Thursday 26 April 2018

Getting on with the game

Today offers Meath a welcome release from the after-effects of the Leinster final saga, writes Dermot Crowe

I N a recent online poll in the Meath Chronicle, almost half of voters opposed the decision not to offer Louth a rematch after the Leinster final ended in calamity. As a measure of public opinion, it is not claiming to be scientific, but nonetheless conveys some degree of conflict in the Meath state of mind. Ultimately, however, people will read what they want into polls and if they don't like the outcomes, they'll dismiss them.

A member of the county board, preferring to remain anonymous, illustrated his misgivings. "I don't believe the Meath Chronicle poll. Being a member of the county board, people would have said 'you did the right thing'. Certainly, no one said 'you did the wrong thing'. About 80 per cent of the people I spoke to said they felt it was not our job to make that call."

Even the newspaper concerned has its own interpretation. Fergal Lynch writes on GAA affairs for the Chronicle and downplays the poll results, his gut instinct telling him that the objectors are not the kind who would be regular GAA followers. He says opinion is heavily weighed in favour of the decision taken. "Very definitely," Lynch asserts, "eight out of ten would have been against a rematch." Whatever way you choose to handle the data, the episode has soured Meath's victory and conspired to create a sense of isolation similar to past brushes with the GAA establishment.

On the ground you will hear every strand of opinion, but all cling to a communal defence: that Meath has no case to answer and was placed under unwarranted pressure to relent. Lynch runs a pub in Trim which was packed on the night of the victory. He detected no trace of guilt or hint of apology in the celebrations. "I bought a mirror with 'Meath Leinster Champions 2010' on it and it's up in the pub now," he explains, as if declaring final judgement on the matter. His establishment is directly across the road from a pub run by Darren Fay, the former Meath player. No sheepishness about the revelry then? "No," he says convincingly. "A few sheepish heads the next day, maybe."

Martin Murray, the Trim GAA secretary, is equally satisfied the right course was taken. "The general feeling in our club anyway is that it shouldn't have been replayed. I think there was a cop-out by Leinster Council throwing it back on Meath. Meath did nothing wrong, they abided by the rules, the ref made the decision. I suppose what happened, the incidents after the match, probably coloured our opinions. Not saying it is typical of the Louth supporters, but people changed attitudes (as a result)."
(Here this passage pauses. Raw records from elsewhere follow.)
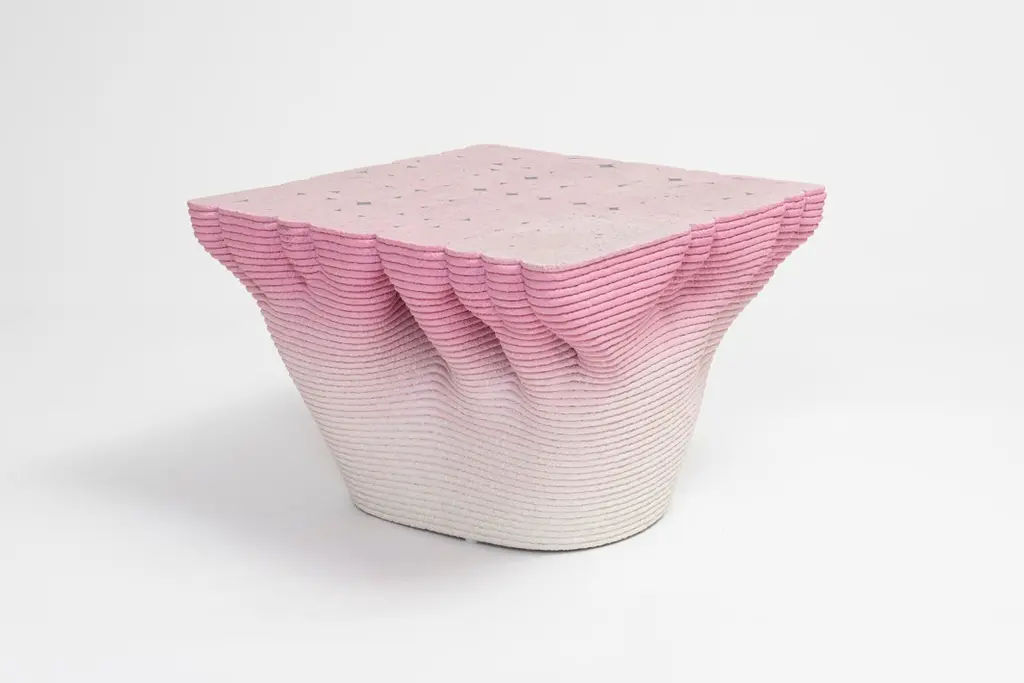 The Paramorph Table continues Philipp Aduatz’s exploration of sculptural form through advanced digital design and additive manufacturing. Produced in small batches with incremental3d, it translates complex, fluid geometries into a functional object that serves equally as a side table and as a sculptural statement piece within contemporary interiors.The base is generated through parametric modeling, resulting in an organic form that would be nearly impossible to realize through traditional casting. Its flowing curves reveal how digital design can unlock new aesthetic and structural possibilities for concrete, giving the material an unexpected sense of movement and lightness.Achieved through precisely controlled pigment dosing, subtle color gradients emphasize the transitions within the geometry and enhance the table’s visual depth. Each piece is 3D-printed from a cement-based material formulated for additive manufacturing, allowing for optimized material use, eliminating the need for molds, and reducing waste.As part of an ongoing, unnumbered studio series, each Paramorph Table is produced to order. Variations in surface texture and color flow are inherent to the process and contribute to the individuality of every piece.
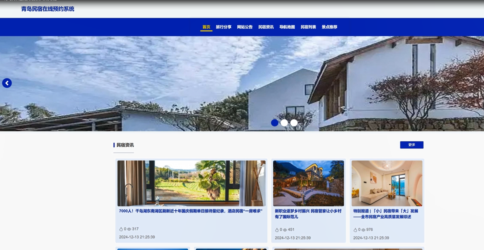 - 首页:用户可以查看首页展示的轮播图、网站公告、民宿资讯、民宿信息推荐等信息。在民宿信息推荐界面根据用户点击收藏记录进行推荐。
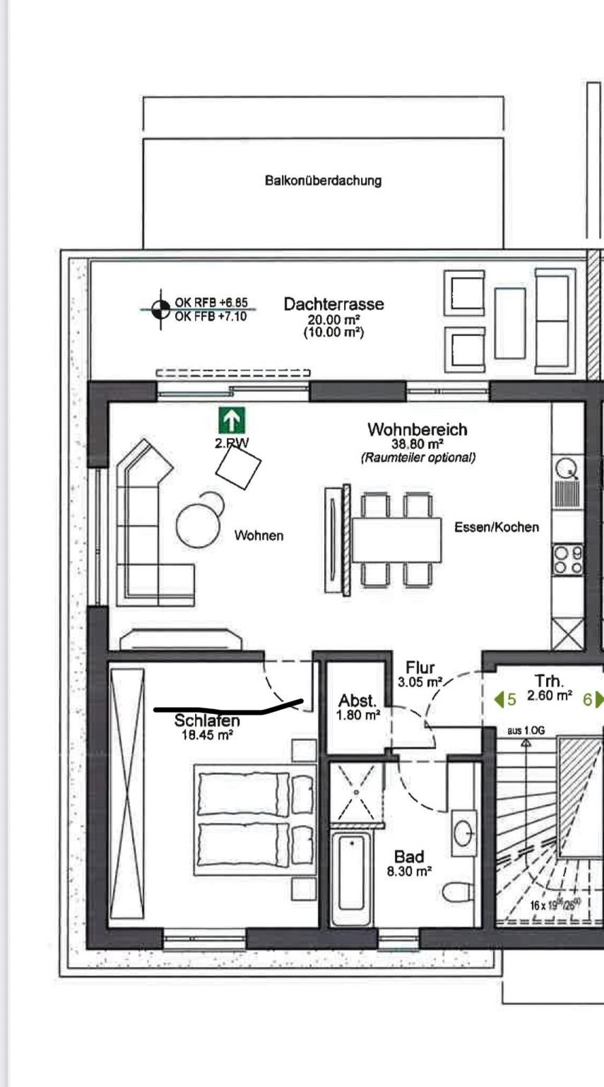 Die Immobilie verfügt über zwei Parkplätze, was in einer Stadt mit begrenzten Parkmöglichkeiten ein großer Vorteil ist. Die Lage der Wohnung ist zentral und bietet eine gute Anbindung an öffentliche Verkehrsmittel und Einkaufsmöglichkeiten. Durch den Neubauzustand und die modernen Ausstattungsmerkmale ist die Dachgeschosswohnung ein attraktives Angebot für all diejenigen, die auf der Suche nach einem komfortablen Zuhause sind.
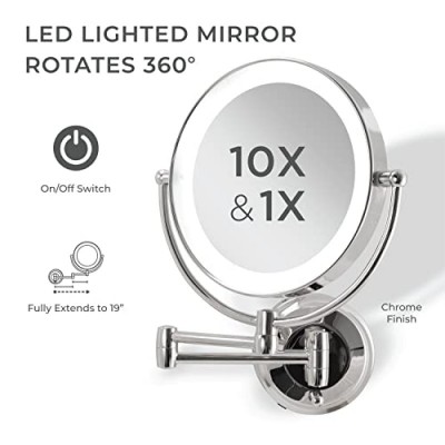 Zadro 11인치 LED 벽걸이 화장 거울 10X/1X 면도 거울 벽용 무선 또는 배터리 작동식 화장 거울(대형 | 10X/1X | 11인치 x 14.5인치, 크롬)     상품설명 - 양면 욕실 거울 - 양면 10배 또는 5배 1배 확대 글래머 미러 헤드가 수평 및 수직으로 360° 회전 및 피봇됩니다.
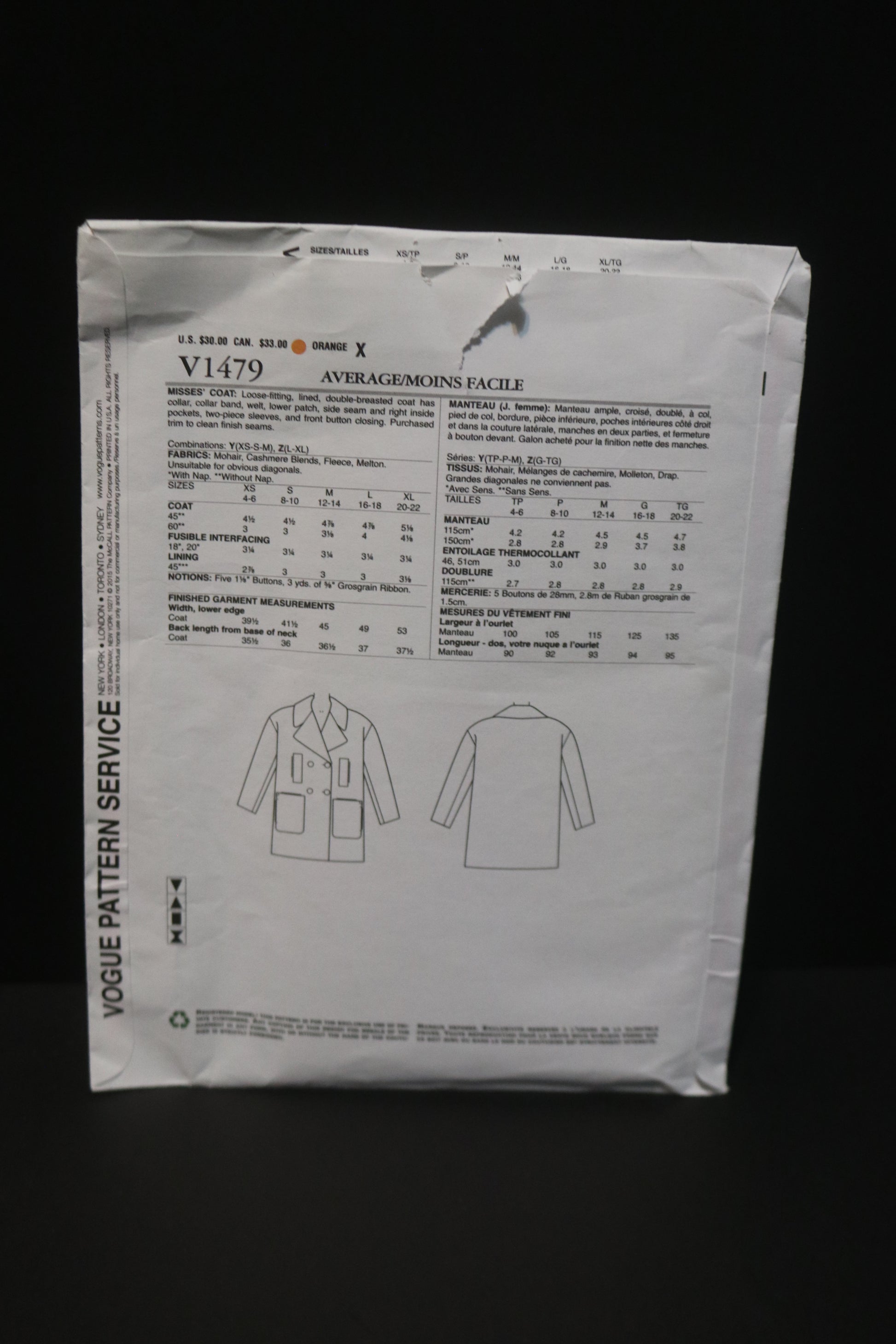 Vogue 1479 Isaac Mizrahi Misses Coat Sewing Pattern - UNCUT - Size Lrg - XxL
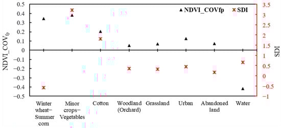 The reasonable setting of NDVI_COVfp and SDI threshold is crucial for winter wheat mapping []. Compared with woodland, construction land and bare land, the NDVI curve of winter wheat–summer corn fluctuates greatly during the fluctuation period, and the NDVI_COVfp value (0.34) is high (Figure 7). However, the NDVI_COVfp value of small crops–vegetables is also high, and winter wheat could not be effectively extracted only through the NDVI_COVfp. The SDI value of winter wheat is negative and lower than −0.50. Combining the NDVI_COVfp and SDI with the bimodal characteristic of winter wheat, the extraction of pure winter wheat pixels is relatively simple. However, selecting a reasonable threshold to extract winter wheat from mixed pixels is a difficult issue. In order to simplify the mixed pixel issue, this study defines that, if most of the area (50% or more) in a pixel (250 m × 250 m) is covered by winter wheat, it is defined as a pure winter wheat pixel []. Based on the NDVI values of pure pixels of different land cover types, the threshold is determined by analyzing the index values and the percentage of winter wheat in the mixed pixels with 10% winter wheat mixing ratio as the increment. Whereas, the NDVI values of mixed pixels with various area percentages were detected by simulation analysis based on the NDVI values of pure pixels of different land cover types. For instance, assuming that the NDVI values of winter wheat pure pixels and forest pure pixels in phase t are NDVIWheat,t and NDVIForest,t, respectively. The NDVI values of mixed pixels with 90% of winter wheat and 10% of forest in phase t are NDVImixed = 0.9 × NDVIWheat,t + 0.1 × NDVIForest,t. Afterward, the parameter values were calculated based on the simulated NDVI values of various mixed pixels in different periods.
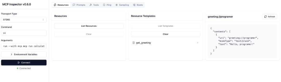 连接后,我们就可以测试示例中的加法工具和查看资源了。(讲道理,debug工具对中文展示并不友好)

Today's game offers a welcome release and distraction from Meath's post-Leinster final ordeal. How recent weeks impact on the team is hard to tell. "Facing a resurgent Kildare you don't know how Meath are going to bounce back," says Murray. "People react different to incidents; it could be a driver, a positive, the first ten minutes of the game will tell a lot."

* * * * *

ON Tuesday night, a hardy wind blew down Páirc Tailteann as team trainer Sean Kelly put the controversially crowned Leinster champions through their drills. Meath have been in this place before, feeling under siege, stigmatised, alienated. The mass sympathy devoted to Louth's cause had the converse implication for Meath. While this time they could not be regarded as the villain of the piece, neither were they the hero, though they were champions and, therefore, entitled to their hour of glory. Memories of the late 1980s quarrel with Cork, the falling out with the GAA's leading henchmen, and the mid-1990s spat with Mayo ("31 counties against us") came flooding back. On this evening, in the week of the Kildare match, only a handful of admirers have gathered to watch from the stands. Martin O'Connell, an inspirational Meath footballer in his time, is present with his kids. The manager Eamonn O'Brien observes mostly from the sidelines.

When they reached the All-Ireland quarter-final in 2007 the fever was more palpable and they arrived there without the current distinction of being champions. The cup raised by Nigel Crawford three weeks ago also seems to be maintaining a discreet profile, not doing the rounds or pictured with the usual prominence. Even the county secretary admitted that the achievement had been tainted. There are well-sourced claims that the county executive wanted a rematch but that some more senior players, and management, were strongly opposed. But once the decision was made, they all stood united.

Meath have been going quietly about their business, in monkish contrast to the loud-hailer howls of persecution from Louth. The greatest excitement around Páirc Tailteann on Tuesday night was being generated by a bingo event taking place in the Navan O'Mahony's clubhouse nearby. A series of local championship matches helped restore some normality. Louth have packed up and gone home. Meath bring their already embattled credentials as provincial champions into the teeth of a Kildare challenge. After a poor Leinster final performance, they are intent on proving themselves worthy ambassadors for the province against a county already defeated by Louth.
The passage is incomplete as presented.